Она билась, трепыхалась, даже пыталась дать ему коленом в определенное место, но эта вечная неиссякаемая батарейка, которую не смогли высушить и заблокировать десять артефактов-блокираторов, вдруг обмякла и начала леденеть на глазах – Алларой слишком много силы потратил, а потом эту же силу восполнил за счет девушки.
Осознание всего ужаса содеянного словно кипятком окатило оголенные нервы и остановило сердце и дыхание. ОН убил ЕЁ?
Попытался передать обратно ее силу, но холодные губы не откликались, и теперь уже император тряс безвольное тело, кричал, звал, но не получал ответа. И только на краю сознания чей-то вопрос шелестел и перекатывался каменной крошкой: «Берешь ли эту женщину в супруги?»

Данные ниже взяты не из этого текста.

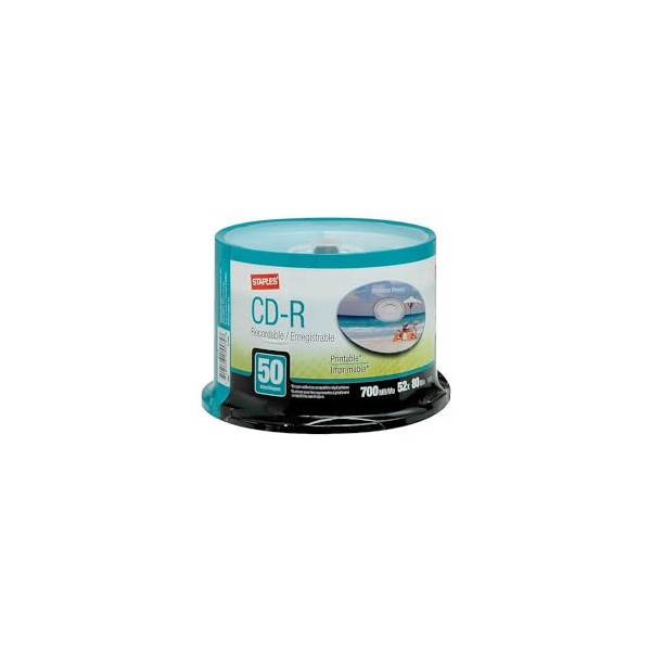 Staples Printable CD-R Recordable 50 Discs 80 Minutes 700MB
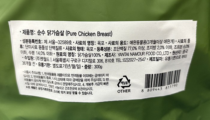 | 품명 및 모델명 | 순수 닭가슴살 | 인증/허가 사항 | 사료관리법에 따른 성분등록번호 : 컨텐츠 참조 |
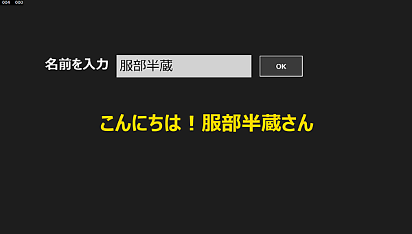 TextBlock1.Text = "こんにちは!" + TextBox1.Text + "さん";
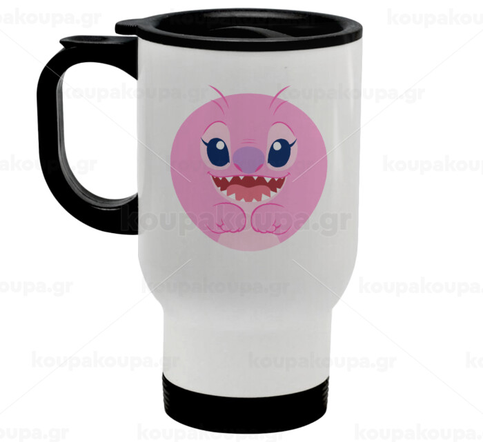 Lilo & Stitch Angel pink, Stainless steel travel mug with lid, double wall white 450ml
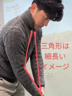 何を間違えていたかというと、「両肩の付け根からグリップを結んでできた三角形」でイメージしてしまったこと。これをやると、まず右腕が伸びたアドレスを作ってしまう。これが諸悪の根源!
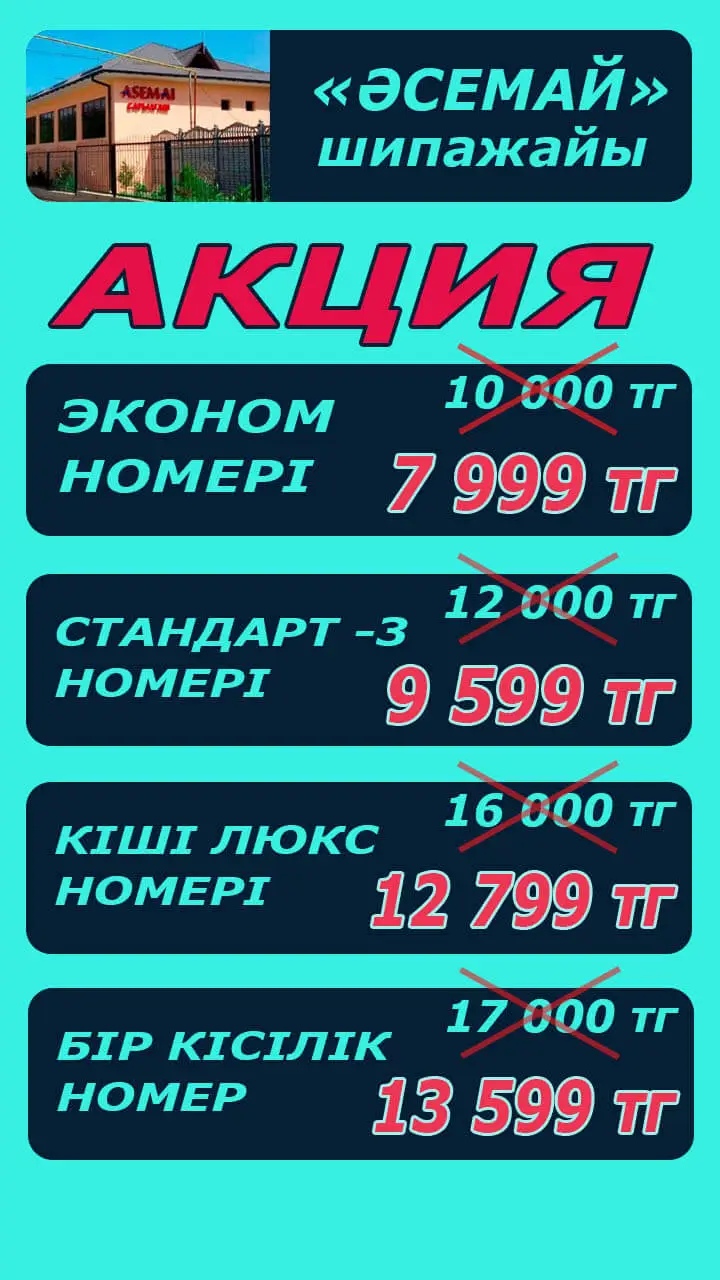 Эконом сынып. Кісі басына тәулігіне 8490 тг бастап
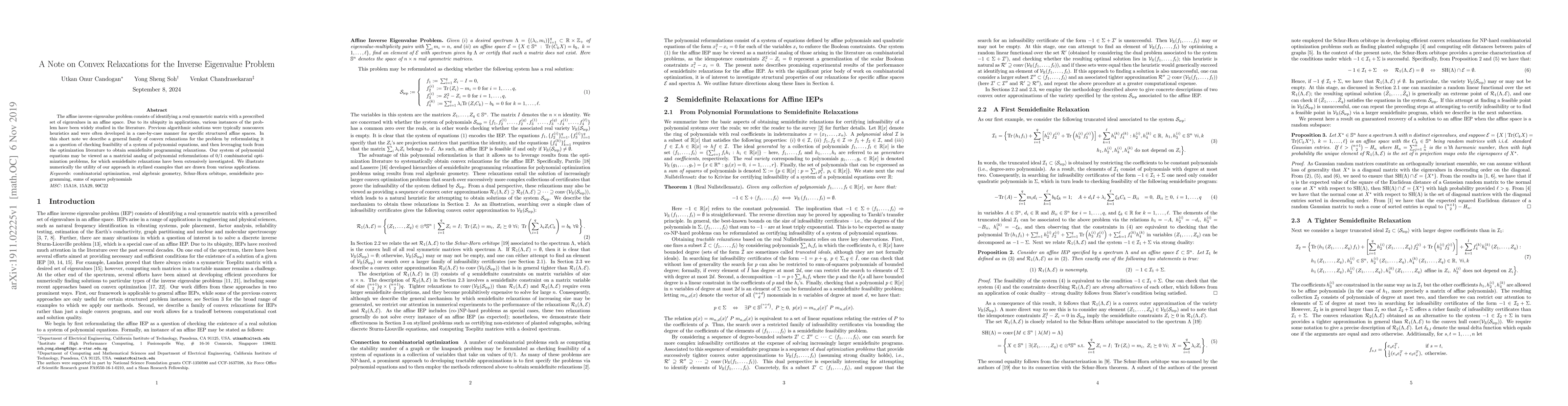 This paper presents a new family of convex relaxations for solving the affine inverse eigenvalue problem, reformulating it as a feasibility problem of polynomial equations. The authors leverage semidefinite programming to tackle the problem, demonstrating its effectiveness through numerical examples from various applications.
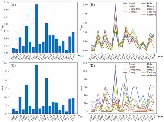 Freezing statistics for forest vegetation in each province. (A) shows the average duration of freezing for forest-covered areas in the study area; (B) shows the average duration of freezing for forest-covered areas in each province; (C) shows the average precipitation of freezing for forest-covered areas in the study area; and (D) shows the average precipitation of freezing for forest-covered areas in each province.

– Да, Тьма вас всех побери! – рычал Алларой, пытаясь вдохнуть свою магию в девушку. – Дыши, твою ж хрябь, оглобля синеглазая!
Он упал рядом от бессилья, но так и не понял: удалось ли ему хоть как-то отодвинуть неминуемую смерть?
Готов был разрыдаться и бить кулаками землю и мрамор, на котором лежал, дайте только сил набраться. Чувствовал только, как нестерпимо жжет сердце и запястье пылает от ощущения, что его перетянули нитью и вот-вот оторвут.